Finance the worst privacy offender: report

The finance sector is the most commonly complained about sector in regards to privacy, with the Office of the Australian Information Commissioner (OAIC) revealing in its first annual report how many complaints it receives and how many are actually resolved.

The OAIC draws together the Privacy Commissioner and the new roles of the Australian Information Commissioner and the Freedom of Information Commissioner.

In the report, the office found that the finance sector continues to be the most commonly complained about sector on matters of privacy. The Australian Government ranked second, while the telecommunications sector came in fourth under debt collectors, credit and tenancy databases.

(Credit: Office of the Australian Information Commissioner, CC3.0)

However, on an individual basis, Telstra stood out as the second most complained about organisation, racking up 54 complaints in the past financial year. The Commonwealth Bank had 26 complaints, Optus had 22 complaints, while Vodafone had a lower 17 complaints despite recent issues surrounding the privacy of customer details. Credit reporting organisation Veda Advantage was the most complained about organisation.

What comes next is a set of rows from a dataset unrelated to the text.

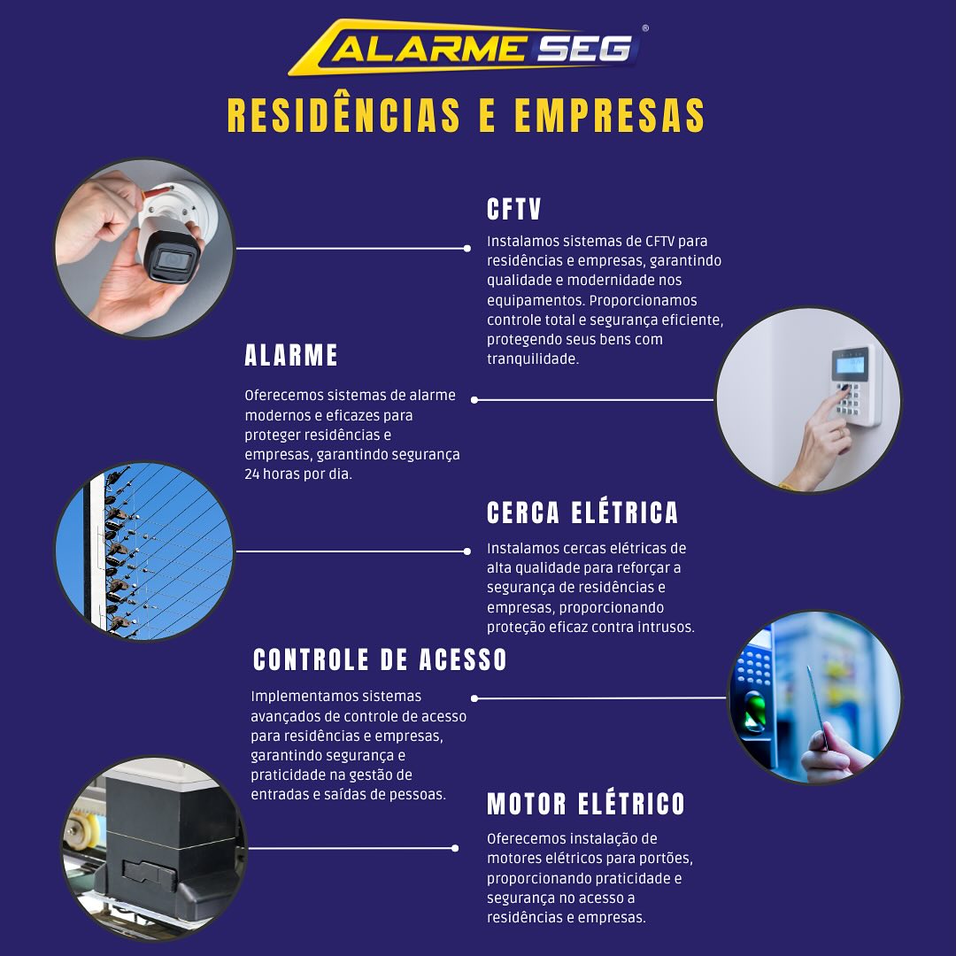Segurança Eletrônica (alarmes, câmeras, cercas) e Energia Solar fotovoltaica
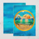 Modern tropisk persiko-Träd-solnedgång i Handflata Anteckningskort
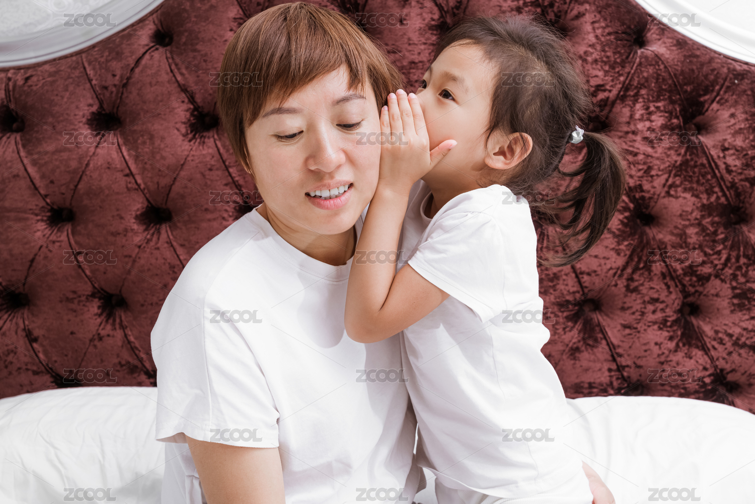 穿白色襯衣的母親和女兒坐在床上低聲耳語

(Credit: Office of the Australian Information Commissioner, CC3.0)

Complaints by themselves do not indicate that an organisation was actually in breach of the Privacy Act or that a full investigation was undertaken. In fact, 56.9 per cent of complaints were declined, commonly because there were no privacy issues, the complaint wasn't about the individual who was raising the issue, the problem hadn't been raised with the respondent before contacting the OAIC, or the individual hadn't given the respondent enough time to deal with the complaint. In these cases, the complaints are not resolved.

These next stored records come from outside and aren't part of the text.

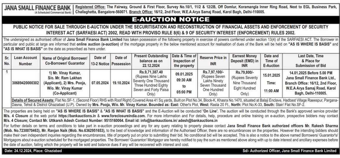 | Start Date and Time of Auction: | 15-01-2025 11:00 am |
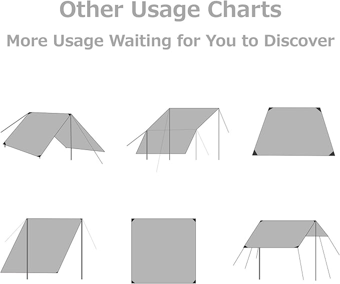 - 🍀 EASY TO USE: Unfold the camping tarp and use it as a tent footprint on the ground to protect the tent from dust, dirt and sharp objects; use a rope and tent pole can easily create a hammock rain fly for shade and awning; Put the tent tarp directly on the floor as a picnic mat, tent footprint, beach blanket etc
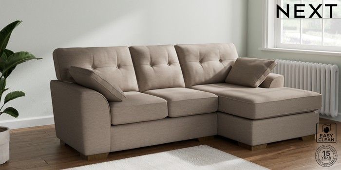 7.2.6 Buy Stamford Buttoned Back Small Sofa Chaise - Right Hand Fine Chenille Easy Clean Mid Taupe Brown Large Square Angle - Mid from the Laura Ashley online shop Click here to use our website with more accessibility support, for example screen readers
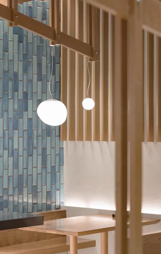 设计者用简约的线条去演绎日本建筑层迭的屋檐,再将空间重新划分与组合,试图将日本日落时分挂满灯笼的老街带入这间面屋之中。
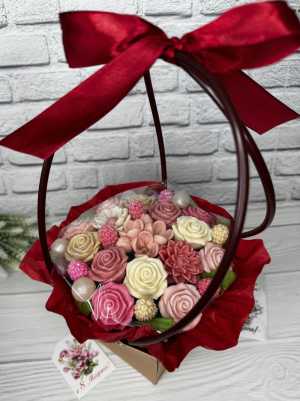 Корзина с цветами и конфетами, хороший подарок к любому празднику . В корзине 17 конфет.
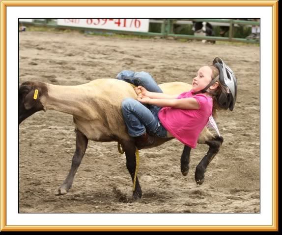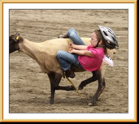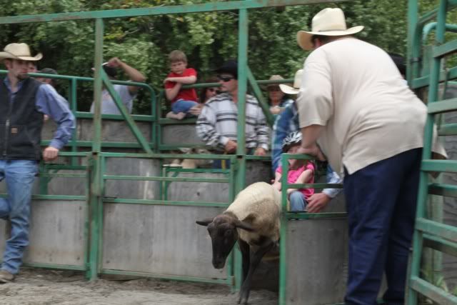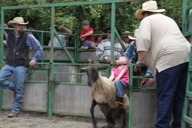 Last weekend was the rodeo down south a ways. This was our first rodeo. Eric stayed home to study for a test he had, It felt like Dental school days all over again. We had missed the sign up for the kids to try thier hand at mutton bistin or calf riding, so we just checked about an hour before the rodeo started and they had one child not show for the mutton bustin and Maryann was convinced she could do it, so we signed her up at the last minuet.
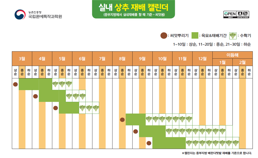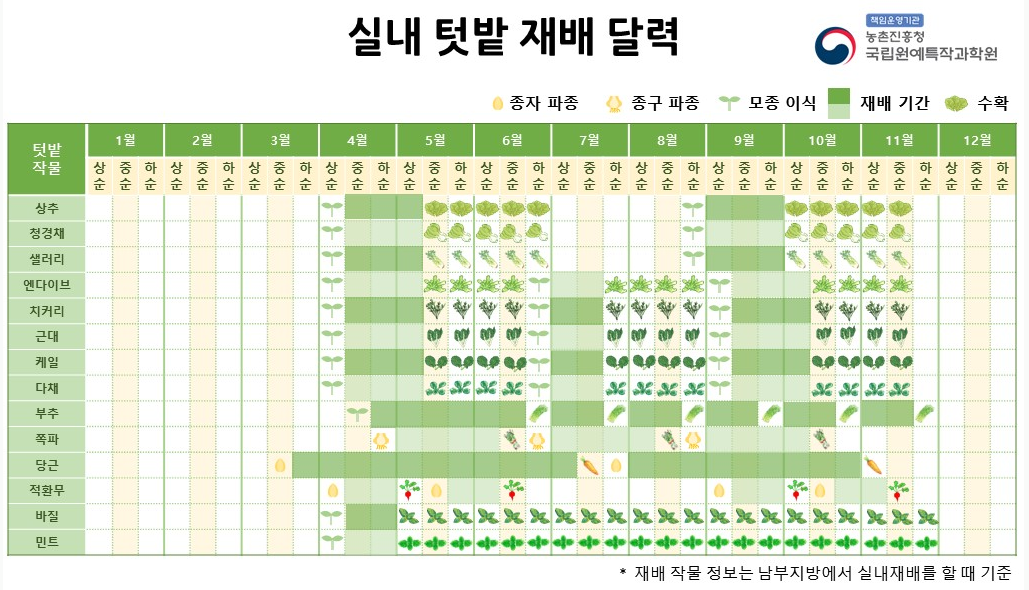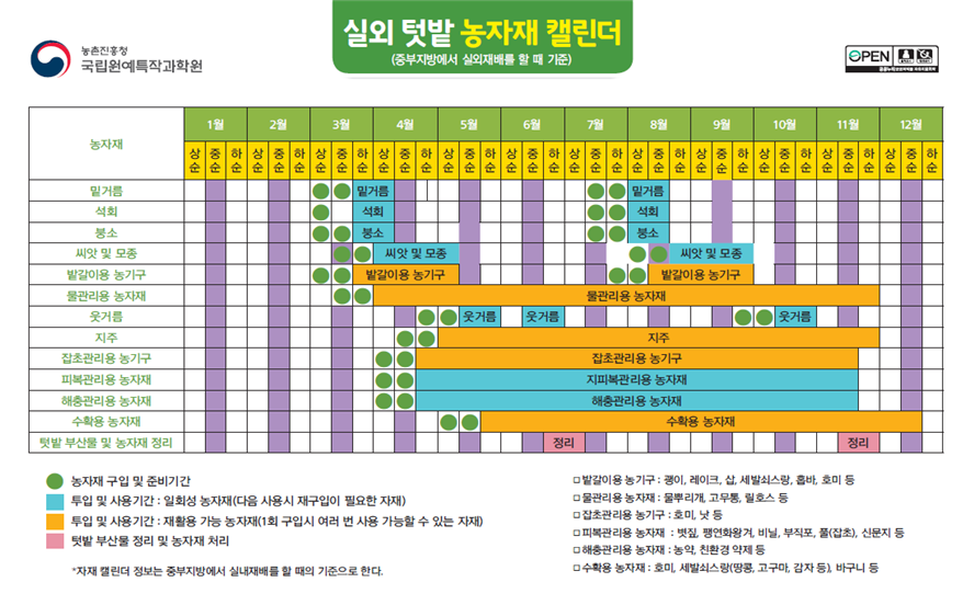 아래 계획표를 참고하셔서 여러분만의 텃밭을 잘 가꾸시기 바랍니다.

About 32 per cent of complaints did make it to a preliminary inquiry before being closed. In these cases, the majority were closed as the firms hadn't interfered with privacy or the respondent had adequately dealt with the complaint. The most common actions respondents took to deal with complaints at this stage was to amend records, provide access to records, apologise and change their procedures. Other less common actions included compensation of up to $5000.

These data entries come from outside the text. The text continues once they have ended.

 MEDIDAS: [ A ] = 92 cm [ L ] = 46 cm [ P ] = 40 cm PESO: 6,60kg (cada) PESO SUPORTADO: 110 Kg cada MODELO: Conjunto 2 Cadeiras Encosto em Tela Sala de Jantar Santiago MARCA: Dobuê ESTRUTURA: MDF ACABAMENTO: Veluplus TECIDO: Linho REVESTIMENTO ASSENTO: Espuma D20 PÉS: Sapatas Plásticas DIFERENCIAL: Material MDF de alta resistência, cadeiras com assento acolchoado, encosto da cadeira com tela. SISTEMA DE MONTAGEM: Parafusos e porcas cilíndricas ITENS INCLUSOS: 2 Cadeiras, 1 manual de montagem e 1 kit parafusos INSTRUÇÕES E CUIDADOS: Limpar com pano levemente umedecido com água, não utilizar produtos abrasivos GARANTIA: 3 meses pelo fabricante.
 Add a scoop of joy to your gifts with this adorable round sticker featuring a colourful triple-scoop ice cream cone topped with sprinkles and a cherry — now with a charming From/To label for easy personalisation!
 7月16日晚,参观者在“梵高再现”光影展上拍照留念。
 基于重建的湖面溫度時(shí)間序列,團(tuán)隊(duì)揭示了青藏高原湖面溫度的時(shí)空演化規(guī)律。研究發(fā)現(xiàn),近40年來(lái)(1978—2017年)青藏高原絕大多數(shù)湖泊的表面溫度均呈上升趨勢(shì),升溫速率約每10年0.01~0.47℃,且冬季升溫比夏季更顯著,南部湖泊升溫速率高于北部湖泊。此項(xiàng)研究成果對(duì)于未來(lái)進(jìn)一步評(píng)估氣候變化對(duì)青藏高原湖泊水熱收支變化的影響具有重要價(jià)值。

About 11 per cent of complaints were investigated further, but two thirds of complaints had already resolved by the respondent before the OAIC had completed this more detailed investigation. The respondents that had reached this level of investigation took similar actions to ease privacy problems, such as amending or providing access to records, apologising and changing its procedures. There were fewer cases of compensation, but these included higher amounts being paid to complainants.

(Credit: Office of the Australian Information Commissioner, CC3.0)

The OAIC also received, separately, 56 voluntary data breach notifications, representing a 21 per cent increase from the previous financial year. A lack of legislation around data breach notifications has meant that organisations are not required to report them. Forensic investigators have reported that Australian data breaches have doubled compared to the previous financial year, highlighting the number of breaches that go unreported.

The OAIC's full report (PDF) is available online.